Читать книгу "Мятеж на «Эльсиноре» - Джек Лондон"
Шрифт:
Интервал:
Закладка:
Но когда я сказал ему, что Вада захватил для меня пятьдесят тысяч патронов, он успокоился.
В самый разгар нашей стрельбы недалеко от судна показались две акулы. Мистер Пайк сказал, что это крупные акулы, и определил длину каждой в пятнадцать футов. Было воскресное утро, так что вся команда, за исключением людей, обслуживающих судно, была свободна, и вскоре плотник при помощи крепкой веревки вместо лесы с большим железным крюком на конце и насаженным на него куском соленой свинины, величиной с мою голову, поймал одного за другим обоих чудовищ.
Их подняли на палубу. И тут я увидел хорошую иллюстрацию жестокости моря.
Вся команда сбежалась на палубу со складными ножами, с топорами, с дубинами и огромными, взятыми с кубрика, секачами. Не стану описывать подробностей этой сцены, скажу только, что люди ревели и ржали от восторга, упиваясь теми зверствами, которые они проделывали над несчастными рыбами. Наконец, одну акулу выбросили в море, воткнув предварительно ей в пасть заостренную палку так, что одним концом она упиралась в верхнюю, а другим в нижнюю челюсть и не давала акуле закрыть рот. Таким образом, эту акулу ждала неизбежная, медлительная голодная смерть.

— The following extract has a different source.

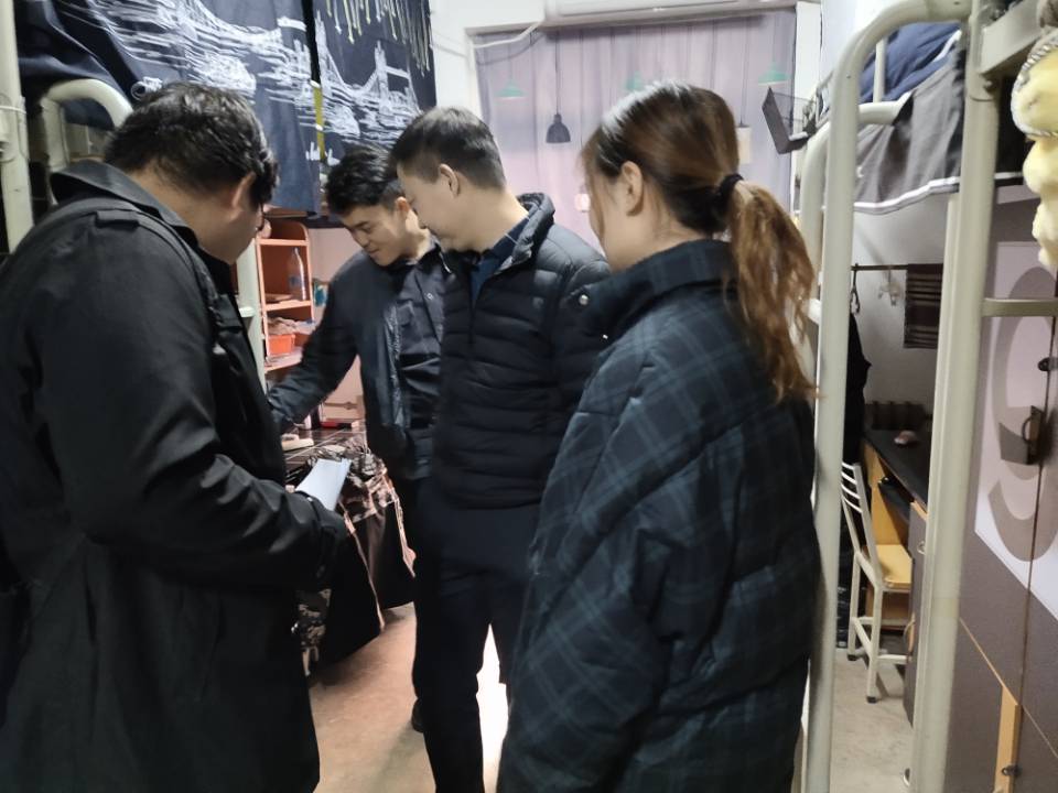 赖斌首先对本次评比的工作人员提出了要求,着重强调了活动的公正公开性,并对冬季学生宿舍的安全隐患及检查重点做了部署。在随后的检查过程中,赖斌鼓励同学们要团结互助、共同进步,营造良好的宿舍环境,以舍风促学风。辅导员和学生会工作人员仔细检查每一间宿舍,并特别强调了宿舍管理相关规定。经过评比,最终5#B602宿舍获得一等奖,3#B413、3#B603宿舍获得二等奖,5#A201、6#B207、9#A301宿舍获得三等奖。

– Подите-ка сюда, ребята, я вам кое-что покажу! – закричал Энди Фэй, готовясь приняться за вторую акулу.
Мальтийский кокней показал себя самым умелым церемониймейстером в расправе с акулой. И мне кажется, что ничто так не восстановило меня против этих скотов, как то, что я затем увидел. К концу пытки истерзанная рыба билась на палубе, совершенно выпотрошенная: от нее не оставалось ничего, кроме костей и мяса, и все-таки она не умирала. Поразительно, как держалась в ней жизнь, когда все внутренние органы были удалены. Но то, что было дальше, еще поразительнее.
Муллиган Джэкобс с окровавленными по самые локти руками, как у мясника, не потрудившись даже сказать «если позволите», неожиданно сунул мне в руку какой-то кровавый кусок. Я отскочил в испуге и уронил его на палубу, причем, разумеется, раздался радостный хохот всех сорока человек. Как это ни глупо, но я сконфузился. Эти скоты отнеслись ко мне не слишком почтительно, а человеческая натура, в конце концов, представляет такую странную смесь самых разнородных чувств и побуждений, что даже философу бывает неприятно, когда ему выказывают неуважение животные такой же, как и он, породы.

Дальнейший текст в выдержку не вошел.